The equation of the enveloping cylinder of the sphere

$x^{2}+y^{2}+z^{2}-x y-y z-z x-4 x+5 y-z-2=0$.

Step-by-step explanation:

Given :

$x^{2} +y ^{2} +z^{2} -2 x+4 y-1=0$ and

$\frac{x}{1} =\frac{y}{1} =\frac{z}{1}$

To find the equation of the enveloping cylinder of the sphere  and having $x^{2} +y ^{2} +z^{2} -2 x+4 y-1=0$  generators parallel to x = y = z

Step 1

substitute all the values in the formula

$(x+u)^{2}+(y+v)^{2}+(z+w)^{2}$ $= \left[\{l(x-u)+m(y+v)+n(z+w)]^{2} / I^{2}+m^{2}+n^{2}\right]+a^{2}$

Here, $l=1$

$m=1$

and $n=1$

Equation of the sphere $x^{2}+y^{2}+z^{2}+2 u x+2 v y+2 \omega z+d=0$

Step 2

Here $u=-1,v=2,w=0,d=1$

Centre of sphere $:(1,-2,0)$

Radius of the sphere

$a=\sqrt{\left.u^{2}+v^{2}+w\right^{2}-d}$

$=\sqrt{1^2+\left(-2\right)^2+0^2+1}$

$=\sqrt{1+4+1+0}$

$=\sqrt{6}$

Step 3

The axis of a cylinder with direction ratios$(1,1,1)$ which passes through the centre $(1,-2,0)$ of the sphere.

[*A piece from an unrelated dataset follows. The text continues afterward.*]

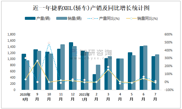 近一年捷豹XEL(轎車(chē))產(chǎn)銷(xiāo)及同比增長(zhǎng)統(tǒng)計(jì)圖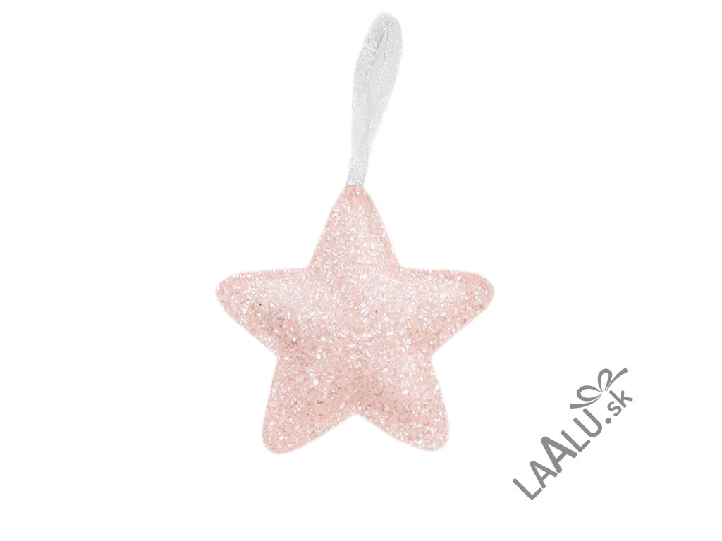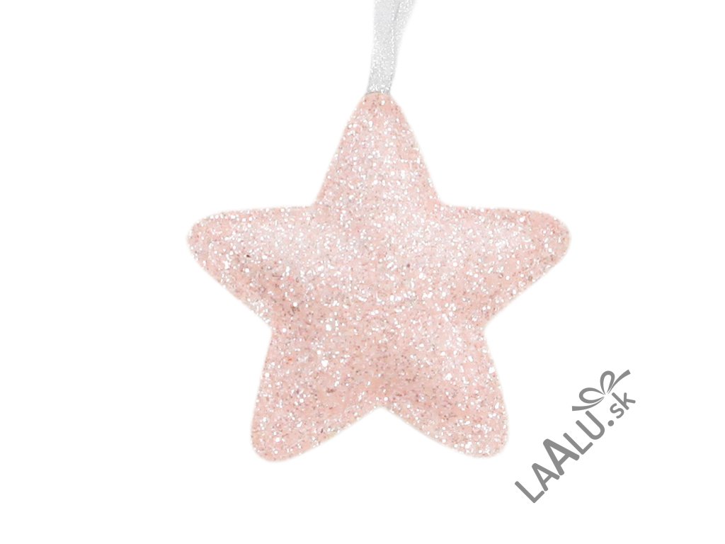 Sada 3 ks dekorácií: Hviezda z koženky s glitrami ružová 14,5 cm

Let  $p(x,y,z)$ be any point of the cylinder.

Assume let N be the bottom of the perpendicular axis,

$P^{2}=O N^{2}+O N^{2}$

$(x-1)^{2}+(y+2)^{2}+(z)^{2}=\frac{[(x-1)+(y+2)+z]^{2}+6}{3}$

$(x-1)^{2}+(y+2)^{2}+(z)^{2}=\frac{[(x-1)+(y+2)+z]^{2}+18}{3}$

$3 x^{2}+3-6 x+3 y^{2}+12+12 y+3 z^{2}$$=x^{2}+1-2 x+y^{2}+4+4 y+z^{2} +2 x y+4 x-2 y-4+2 y z+4 z+2 z x-2 z+18$

Equating,

$3 x^{2}+3-6 x+3 y^{2}+12+12 y+3 z^{2}$$=x^{2}+1-2 x+y^{2}+4+4 y+z^{2} +2 x y+4 x-2 y-4+2 y z+4 z+2 z x-2 z+18$

⇒ $3 x^{2}+3-6 x+3 y^{2}+12+12 y+3 z^{2}$

$=x^{2}-2 x+y^{2}+4+4 y+z^{2} +2 x y+4 x-2 y-4+2 y z+4 z+2 z x-2 z+19$

⇒ $2 x^{2}+2 y^{2}+2 z^{2}-2 x y-2 y z-2 z x-8 x+10 y-2 z-4=0$

Step 4

Dividing the equation throughout by 2, we get

$x^{2}+y^{2}+z^{2}-x y-y z-z x-4 x+5 y-z-2=0$

Therefore,

The equation of the enveloping cylinder of the sphere

$x^{2}+y^{2}+z^{2}-x y-y z-z x-4 x+5 y-z-2=0$.